Provided information:
◆ ◆ ◆ ◆ ◆
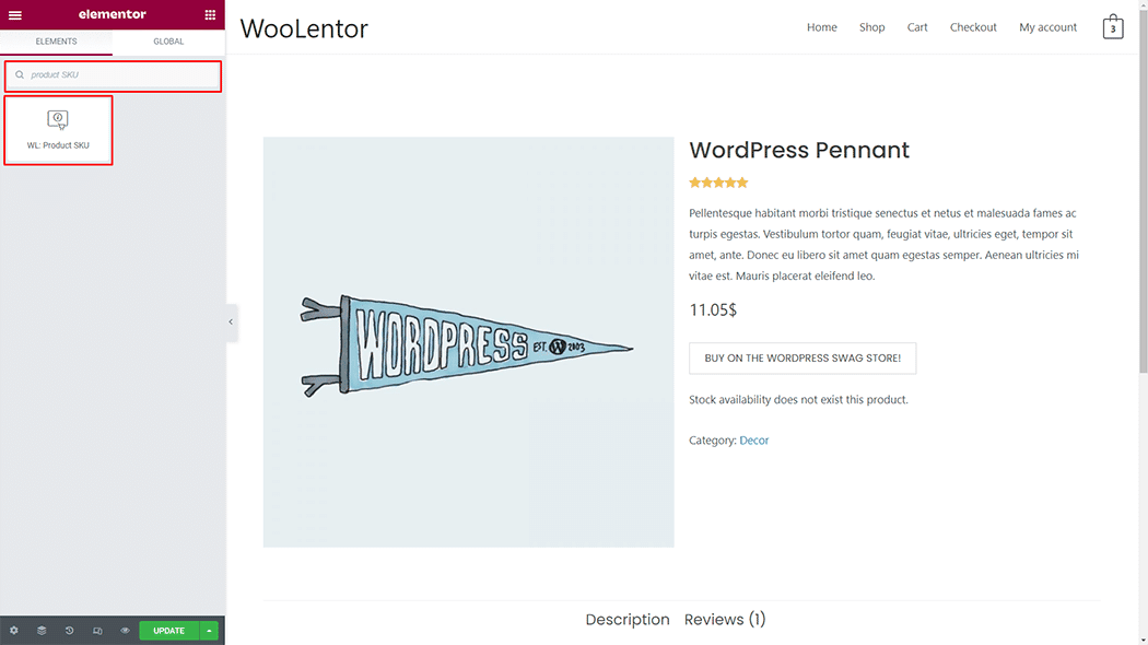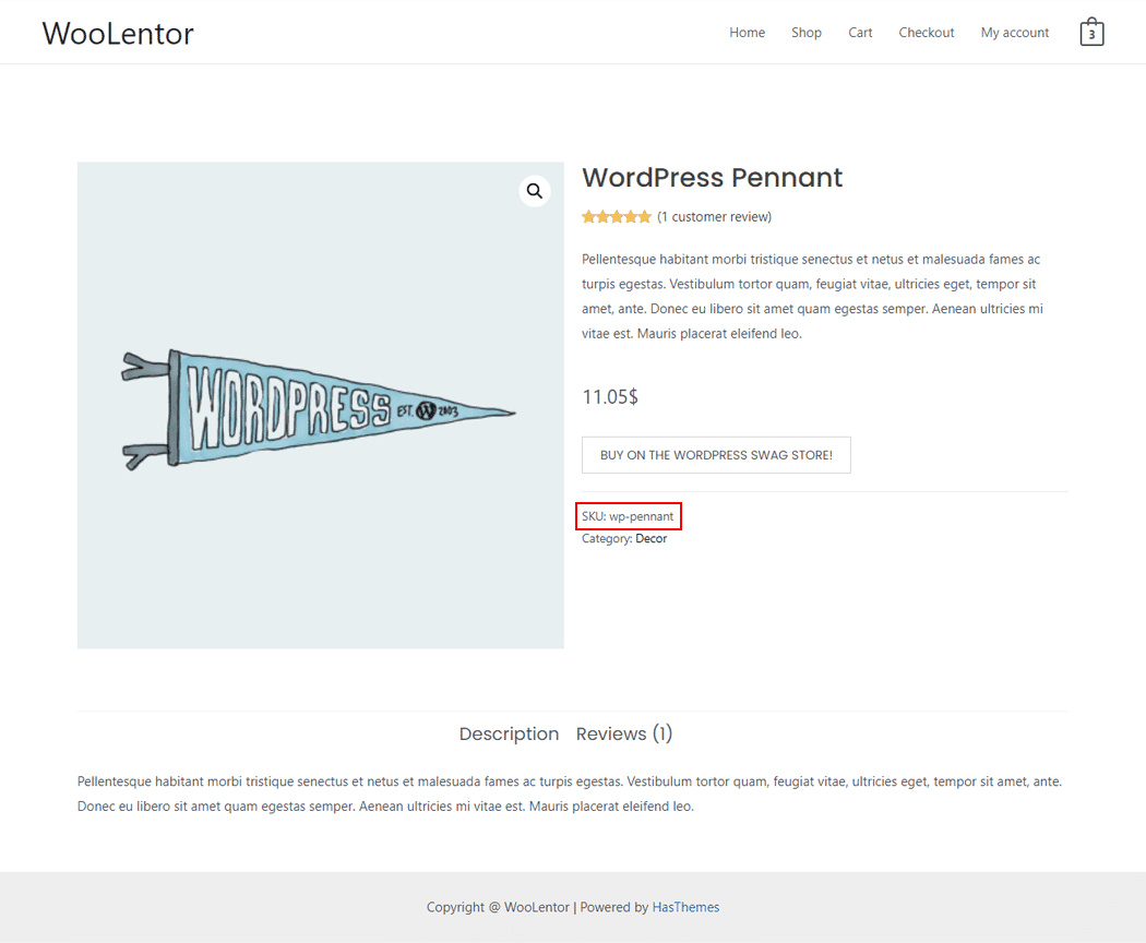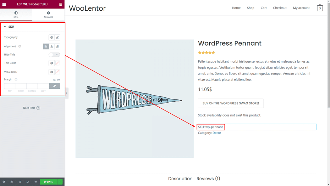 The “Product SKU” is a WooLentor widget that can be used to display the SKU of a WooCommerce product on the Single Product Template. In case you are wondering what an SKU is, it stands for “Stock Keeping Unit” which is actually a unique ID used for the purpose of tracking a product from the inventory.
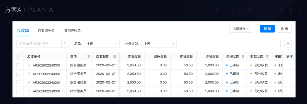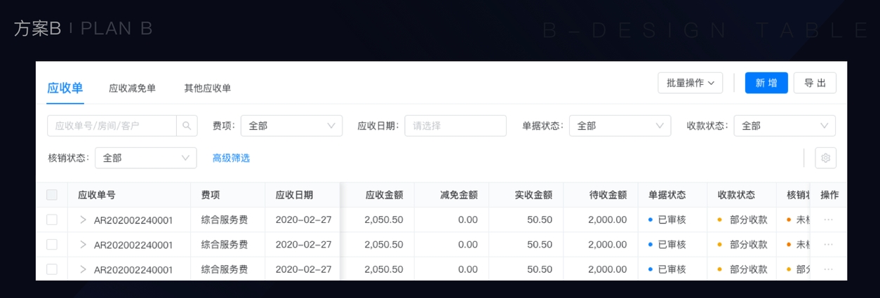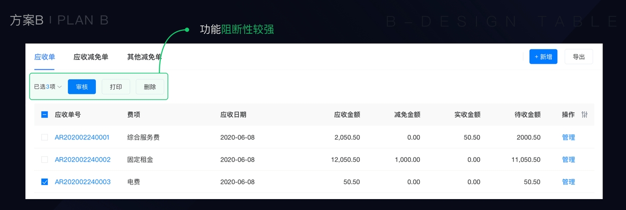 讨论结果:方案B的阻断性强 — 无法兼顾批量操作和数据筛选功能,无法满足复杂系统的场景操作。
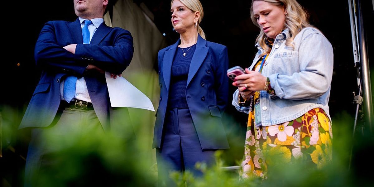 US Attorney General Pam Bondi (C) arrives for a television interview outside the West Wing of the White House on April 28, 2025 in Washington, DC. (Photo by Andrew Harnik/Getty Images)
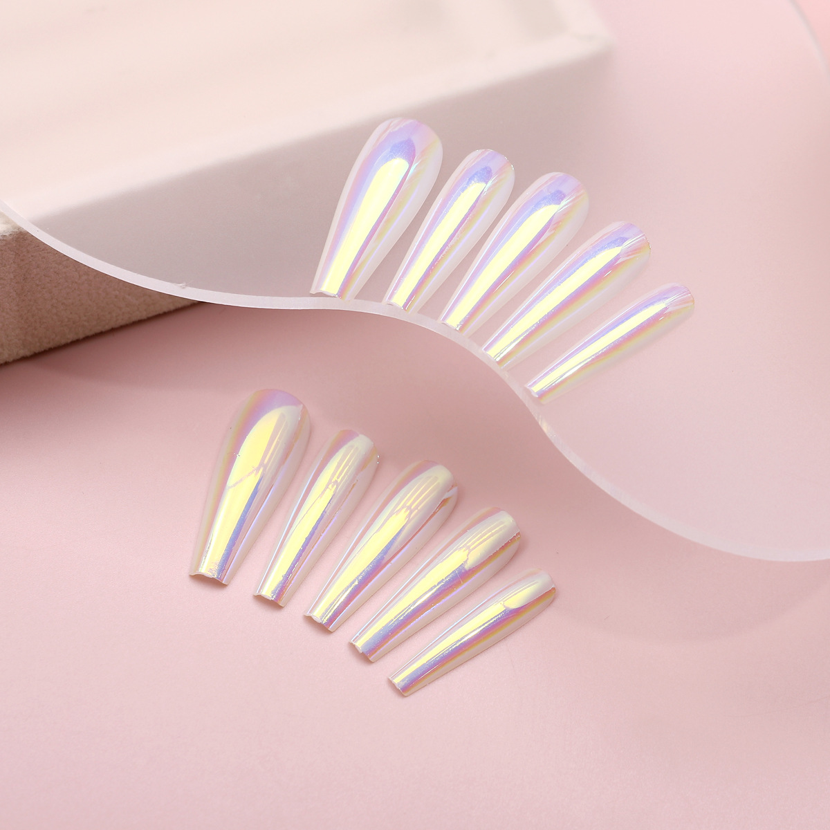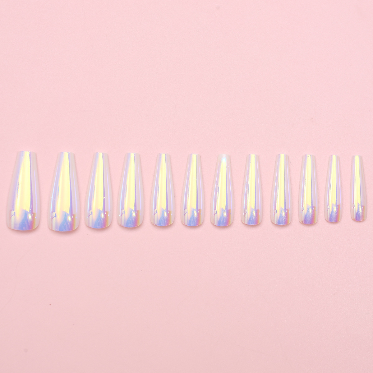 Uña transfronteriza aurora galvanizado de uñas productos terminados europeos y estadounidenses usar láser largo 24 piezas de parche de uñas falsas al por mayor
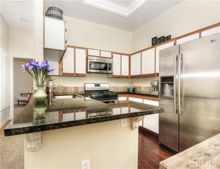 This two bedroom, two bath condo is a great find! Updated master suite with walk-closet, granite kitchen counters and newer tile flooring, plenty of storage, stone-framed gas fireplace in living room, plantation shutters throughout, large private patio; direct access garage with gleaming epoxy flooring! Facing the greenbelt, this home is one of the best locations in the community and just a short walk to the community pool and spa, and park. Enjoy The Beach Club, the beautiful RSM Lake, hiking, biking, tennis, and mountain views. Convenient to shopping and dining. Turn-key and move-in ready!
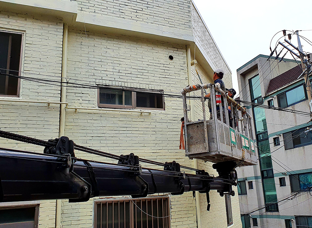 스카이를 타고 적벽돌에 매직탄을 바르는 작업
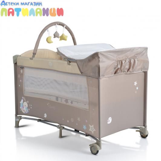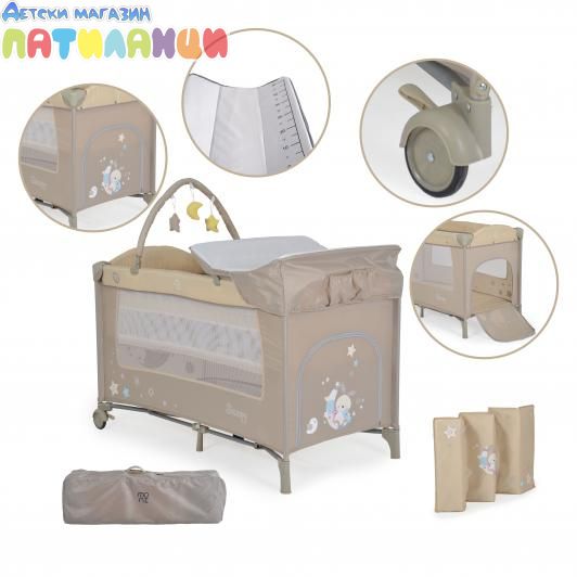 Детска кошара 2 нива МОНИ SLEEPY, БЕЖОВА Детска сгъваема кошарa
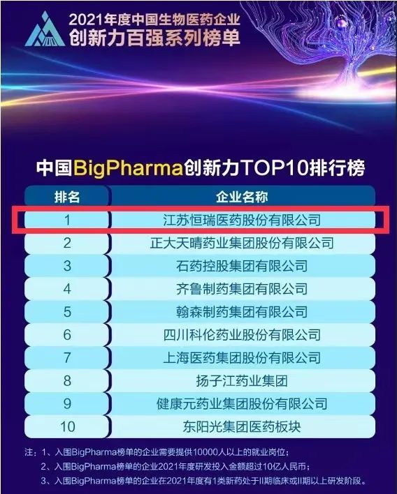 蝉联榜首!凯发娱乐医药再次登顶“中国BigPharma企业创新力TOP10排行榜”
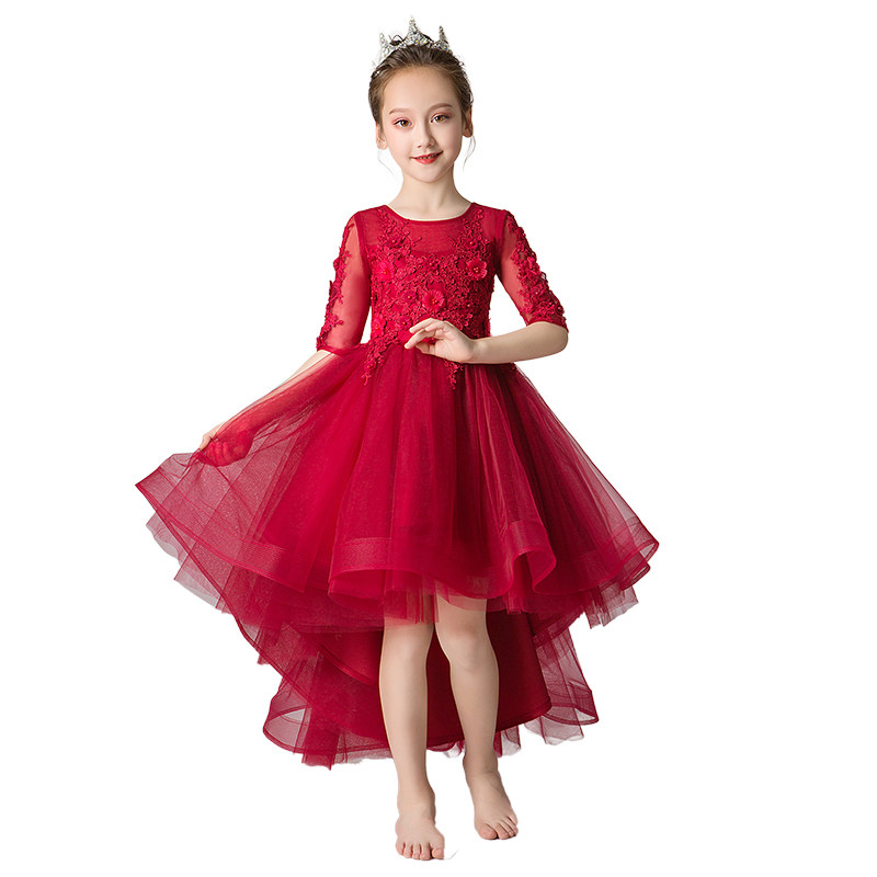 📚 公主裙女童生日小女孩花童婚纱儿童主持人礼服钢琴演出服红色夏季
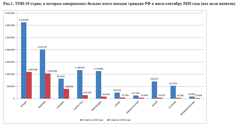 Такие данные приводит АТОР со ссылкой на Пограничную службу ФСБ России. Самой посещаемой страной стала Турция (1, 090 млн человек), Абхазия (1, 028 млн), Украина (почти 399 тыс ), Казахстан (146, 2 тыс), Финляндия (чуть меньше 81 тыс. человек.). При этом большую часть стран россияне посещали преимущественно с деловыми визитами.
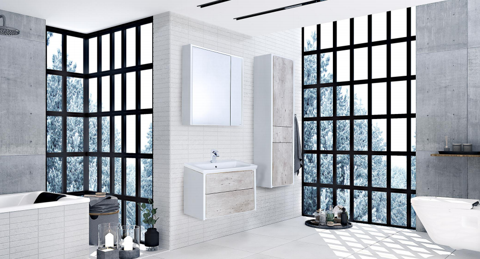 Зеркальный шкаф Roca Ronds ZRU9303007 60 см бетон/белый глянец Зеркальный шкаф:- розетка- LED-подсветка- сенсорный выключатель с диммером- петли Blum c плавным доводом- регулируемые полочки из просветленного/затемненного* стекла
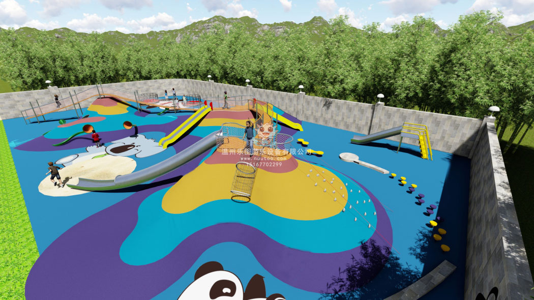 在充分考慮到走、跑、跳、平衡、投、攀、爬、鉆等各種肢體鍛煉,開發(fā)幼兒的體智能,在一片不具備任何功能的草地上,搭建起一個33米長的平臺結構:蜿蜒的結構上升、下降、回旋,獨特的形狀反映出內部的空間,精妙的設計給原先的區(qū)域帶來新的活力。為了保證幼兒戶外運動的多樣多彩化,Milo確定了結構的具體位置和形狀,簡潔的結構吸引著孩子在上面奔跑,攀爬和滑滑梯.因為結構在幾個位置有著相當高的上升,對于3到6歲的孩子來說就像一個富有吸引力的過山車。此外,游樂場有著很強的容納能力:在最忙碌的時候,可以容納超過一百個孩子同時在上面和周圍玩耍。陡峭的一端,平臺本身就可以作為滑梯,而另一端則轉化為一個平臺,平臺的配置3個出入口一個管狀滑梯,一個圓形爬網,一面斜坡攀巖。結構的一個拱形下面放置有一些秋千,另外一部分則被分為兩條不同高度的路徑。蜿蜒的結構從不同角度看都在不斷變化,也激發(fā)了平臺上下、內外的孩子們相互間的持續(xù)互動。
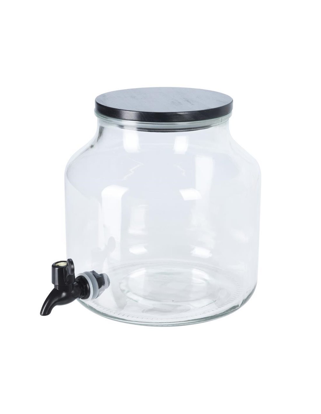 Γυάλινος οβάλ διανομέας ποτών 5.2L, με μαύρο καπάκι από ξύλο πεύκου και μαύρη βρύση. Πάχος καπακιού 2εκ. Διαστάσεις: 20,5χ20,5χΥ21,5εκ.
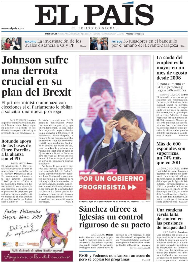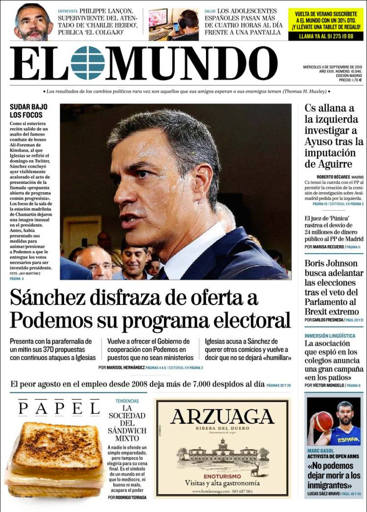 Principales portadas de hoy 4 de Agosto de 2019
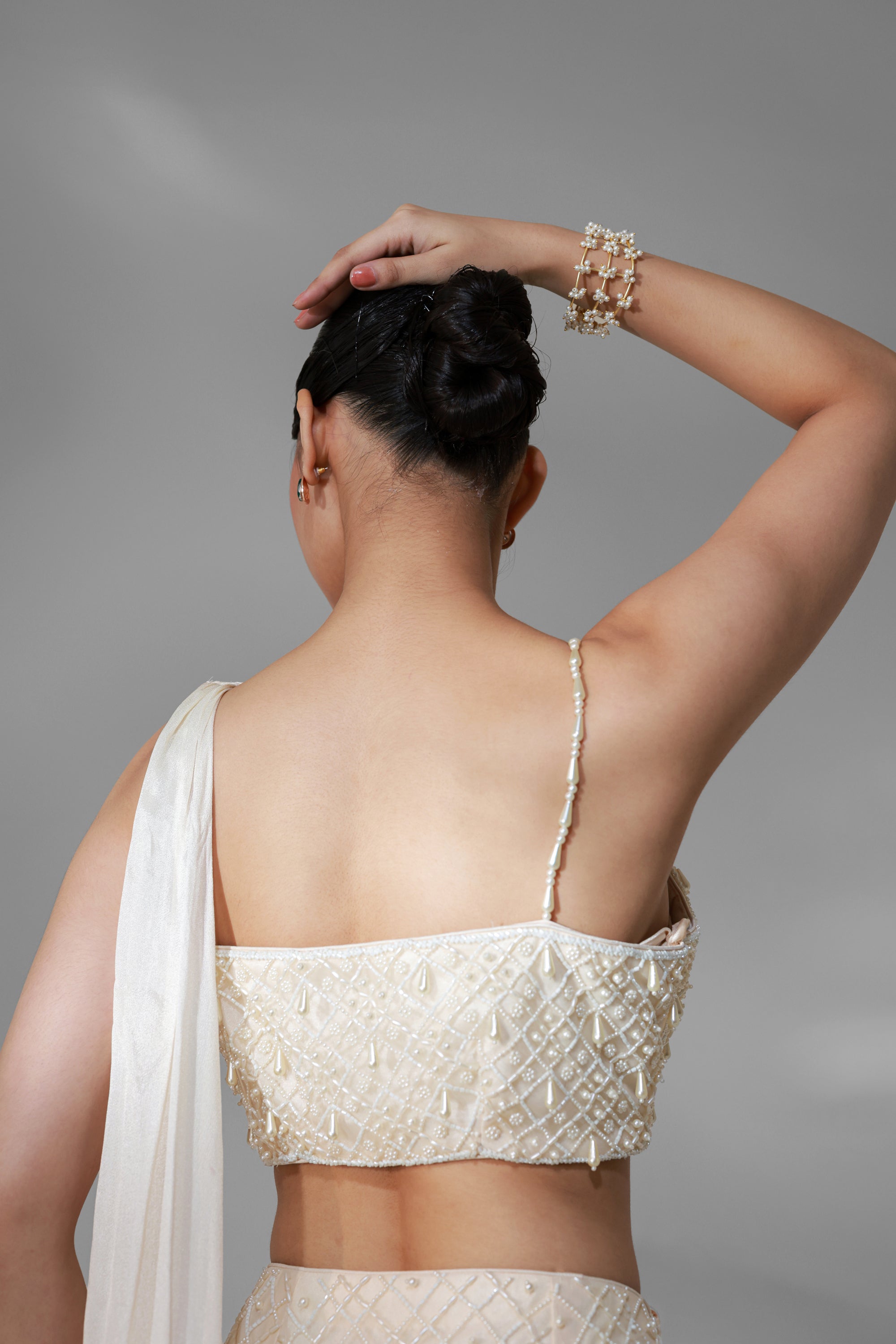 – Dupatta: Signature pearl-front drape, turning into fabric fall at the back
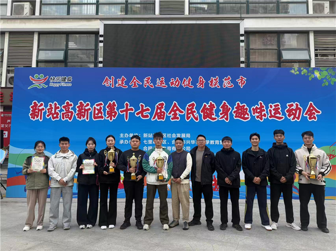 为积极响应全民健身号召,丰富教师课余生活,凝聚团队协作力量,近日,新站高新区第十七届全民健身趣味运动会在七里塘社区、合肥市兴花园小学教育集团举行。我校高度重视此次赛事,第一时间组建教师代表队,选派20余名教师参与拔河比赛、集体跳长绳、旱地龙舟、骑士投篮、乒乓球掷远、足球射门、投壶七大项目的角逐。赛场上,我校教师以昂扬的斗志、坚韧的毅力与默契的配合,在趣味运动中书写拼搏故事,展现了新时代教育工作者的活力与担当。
◆ ◆ ◆ ◆ ◆
Exercise requirements: For your answer, write out the data exactly and drop every picture.

Written solution:
 The “Product SKU” is a WooLentor widget that can be used to display the SKU of a WooCommerce product on the Single Product Template. In case you are wondering what an SKU is, it stands for “Stock Keeping Unit” which is actually a unique ID used for the purpose of tracking a product from the inventory.
 讨论结果:方案B的阻断性强 — 无法兼顾批量操作和数据筛选功能,无法满足复杂系统的场景操作。
 US Attorney General Pam Bondi (C) arrives for a television interview outside the West Wing of the White House on April 28, 2025 in Washington, DC. (Photo by Andrew Harnik/Getty Images)
 Uña transfronteriza aurora galvanizado de uñas productos terminados europeos y estadounidenses usar láser largo 24 piezas de parche de uñas falsas al por mayor
 This two bedroom, two bath condo is a great find! Updated master suite with walk-closet, granite kitchen counters and newer tile flooring, plenty of storage, stone-framed gas fireplace in living room, plantation shutters throughout, large private patio; direct access garage with gleaming epoxy flooring! Facing the greenbelt, this home is one of the best locations in the community and just a short walk to the community pool and spa, and park. Enjoy The Beach Club, the beautiful RSM Lake, hiking, biking, tennis, and mountain views. Convenient to shopping and dining. Turn-key and move-in ready!
 스카이를 타고 적벽돌에 매직탄을 바르는 작업
 Детска кошара 2 нива МОНИ SLEEPY, БЕЖОВА Детска сгъваема кошарa
 蝉联榜首!凯发娱乐医药再次登顶“中国BigPharma企业创新力TOP10排行榜”
 📚 公主裙女童生日小女孩花童婚纱儿童主持人礼服钢琴演出服红色夏季
 Такие данные приводит АТОР со ссылкой на Пограничную службу ФСБ России. Самой посещаемой страной стала Турция (1, 090 млн человек), Абхазия (1, 028 млн), Украина (почти 399 тыс ), Казахстан (146, 2 тыс), Финляндия (чуть меньше 81 тыс. человек.). При этом большую часть стран россияне посещали преимущественно с деловыми визитами.
 Зеркальный шкаф Roca Ronds ZRU9303007 60 см бетон/белый глянец Зеркальный шкаф:- розетка- LED-подсветка- сенсорный выключатель с диммером- петли Blum c плавным доводом- регулируемые полочки из просветленного/затемненного* стекла
 在充分考慮到走、跑、跳、平衡、投、攀、爬、鉆等各種肢體鍛煉,開發(fā)幼兒的體智能,在一片不具備任何功能的草地上,搭建起一個33米長的平臺結構:蜿蜒的結構上升、下降、回旋,獨特的形狀反映出內部的空間,精妙的設計給原先的區(qū)域帶來新的活力。為了保證幼兒戶外運動的多樣多彩化,Milo確定了結構的具體位置和形狀,簡潔的結構吸引著孩子在上面奔跑,攀爬和滑滑梯.因為結構在幾個位置有著相當高的上升,對于3到6歲的孩子來說就像一個富有吸引力的過山車。此外,游樂場有著很強的容納能力:在最忙碌的時候,可以容納超過一百個孩子同時在上面和周圍玩耍。陡峭的一端,平臺本身就可以作為滑梯,而另一端則轉化為一個平臺,平臺的配置3個出入口一個管狀滑梯,一個圓形爬網,一面斜坡攀巖。結構的一個拱形下面放置有一些秋千,另外一部分則被分為兩條不同高度的路徑。蜿蜒的結構從不同角度看都在不斷變化,也激發(fā)了平臺上下、內外的孩子們相互間的持續(xù)互動。
 Γυάλινος οβάλ διανομέας ποτών 5.2L, με μαύρο καπάκι από ξύλο πεύκου και μαύρη βρύση. Πάχος καπακιού 2εκ. Διαστάσεις: 20,5χ20,5χΥ21,5εκ.
 Principales portadas de hoy 4 de Agosto de 2019
 – Dupatta: Signature pearl-front drape, turning into fabric fall at the back
 为积极响应全民健身号召,丰富教师课余生活,凝聚团队协作力量,近日,新站高新区第十七届全民健身趣味运动会在七里塘社区、合肥市兴花园小学教育集团举行。我校高度重视此次赛事,第一时间组建教师代表队,选派20余名教师参与拔河比赛、集体跳长绳、旱地龙舟、骑士投篮、乒乓球掷远、足球射门、投壶七大项目的角逐。赛场上,我校教师以昂扬的斗志、坚韧的毅力与默契的配合,在趣味运动中书写拼搏故事,展现了新时代教育工作者的活力与担当。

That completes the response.